Sunday, January 15, 2012

The Idler, Tuesday, January 17, 2012

The fight gets dirty

THE CAMPAIGN for the Republican Party candidacy to take on Barack Obama in this year's presidential election is turning nasty. A barrage of attack ads on TV is but a foretaste of the real campaign when it's Republican versus incumbent Democrat.

A campaign supporting front-runner Mitt Romney spent $12 million just in Iowa, targeting former Speaker of the House of Representatives Newt Gingrich.

And a pro-Gingrich campaign has now turned on Romney. An attack ad derides him for speaking French. Another shows him driving to Canada with the family dog in a kennel strapped to the roof of his car. Yet another quotes him saying he hunts, rabbits, rodents and "small varmints."

This is devastating stuff, really nasty! What won't they say about Obama?

As she is spoke

THEY say that if you can correctly pronounce every word in this poem by Hollander Gerard Nolst Trenite, you will be speaking English better than 90 percent of the world's native English-speakers.

After trying the verses, a Frenchman said he'd prefer six months of hard labour to reading six lines aloud.

It's rather a long poem but here goes with a section:

Dearest creature in creation,

Study English pronunciation.

I will teach you in my verse

Sounds like corpse, corps, horse, and worse.

I will keep you, Suzy, busy,

Make your head with heat grow dizzy.

Tear in eye, your dress will tear.

So shall I! Oh hear my prayer.

Just compare heart, beard, and heard,

Dies and diet, lord and word,

Sword and sward, retain and Britain.

(Mind the latter, how it's written.)

Now I surely will not plague you

With such words as plaque and ague.

But be careful how you speak:

Say break and steak, but bleak and streak;

Cloven, oven, how and low,

Script, receipt, show, poem, and toe.

Hear me say, devoid of trickery,

Daughter, laughter, and Terpsichore,

Typhoid, measles, topsails, aisles,

Exiles, similes, and reviles;

Scholar, vicar, and cigar,

Solar, mica, war and far;

One, anemone, Balmoral,

Kitchen, lichen, laundry, laurel;

Gertrude, German, wind and mind,

Scene, Melpomene, mankind.

Billet does not rhyme with ballet,

Bouquet, wallet, mallet, chalet.

Blood and flood are not like food,

Nor is mould like should and would.

Viscous, viscount, load and broad,

Toward, to forward, to reward ...

 

 

It carries on and on. That's what you get when you speak a combination of Saxon, Scandinavian and French. But at least one Hollander got on top of it.

 

 

 

Stable home

A WOMAN on the Isle of Lewis – part of the Outer Hebrides group, off Scotland – has scandalised her neighbours by setting up a stall for her horse in the living room of her home.

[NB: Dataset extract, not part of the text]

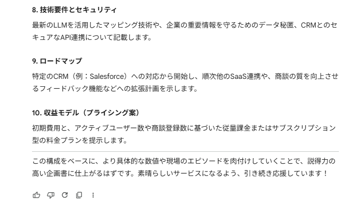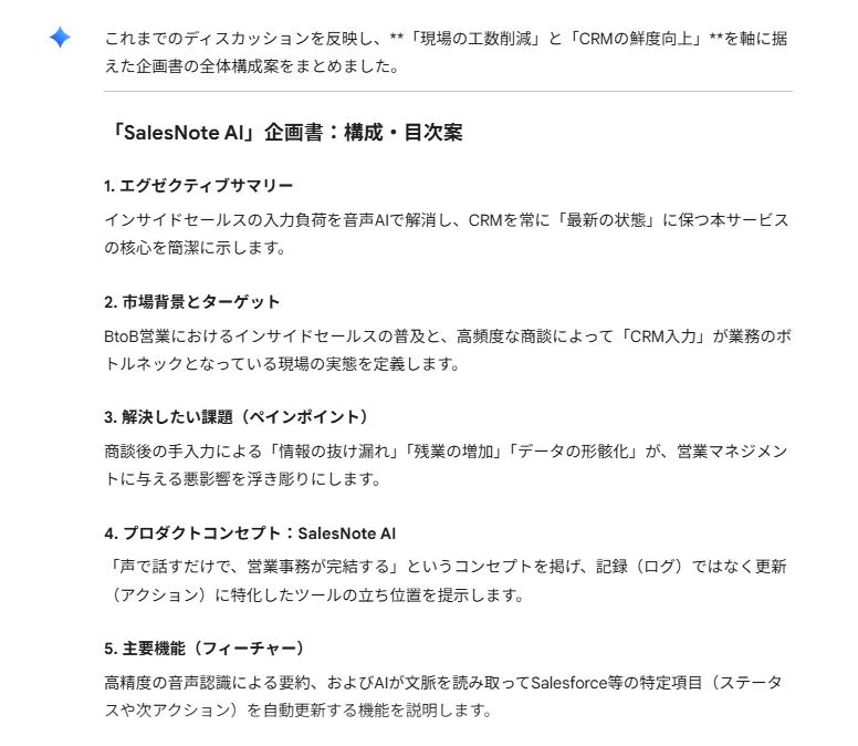 数分間の音声対話の後、「これまでの会話を元に、企画書の目次と各項目の概要をまとめて」と指示したところ、論理的に構成された極めて完成度の高い企画書ドラフトが出力されました。

Irish-born Stephanie Noble says nobody in the neighbourhood would provide a barn or other accommodation for her three-year-old pony, Grey Lady Too, so she had to take her into the house.

She's nailed planks into place to make a pen, put in ceiling braces and used dining room chairs as a railing. She's also put down rubber mats, straw and cat litter, and mucks out every day with disinfectant.

Being from Ireland, where pigs and lambs often live in the kitchen, Stephanie is comfortable with the arrangement. But her neighbours are aghast and have complained to the Western Isles Council.

Not everyone is comfortable with close proximity to animals. There was once a farmer outside Pietermaritzburg who slept on an enormous bed specially made for himself, his 14 large dogs and his current wife.

Current wife because the ladies tended to move on with regularity. Romance is one thing but sharing it with the Quorn Hunt quite another.

 

Tailpiece

AN EXTRACT from a dialogue at sea by aldis lamp between the Canadians and the Americans:

Canadians: "Divert course 15 degrees south to avoid collision."

Americans: "Recommend you divert course 15 degrees north to avoid collision."

Canadians: "Negative. You divert course 15 degrees south to avoid collision."

Americans: "This is the captain of a US Navy ship. I say again divert your course."

Canadians: "Divert your course."

Americans: "This is the aircraft carrier USS Lincoln, the second largest ship in the United States Atlantic fleet. I demand you change your course 15 degrees north or counter-measures will be taken to ensure the safety of this ship."

Canadians: "This is a lighthouse. Your call."

 

Last word

Criminal: A person with predatory instincts who has not sufficient capital to form a corporation.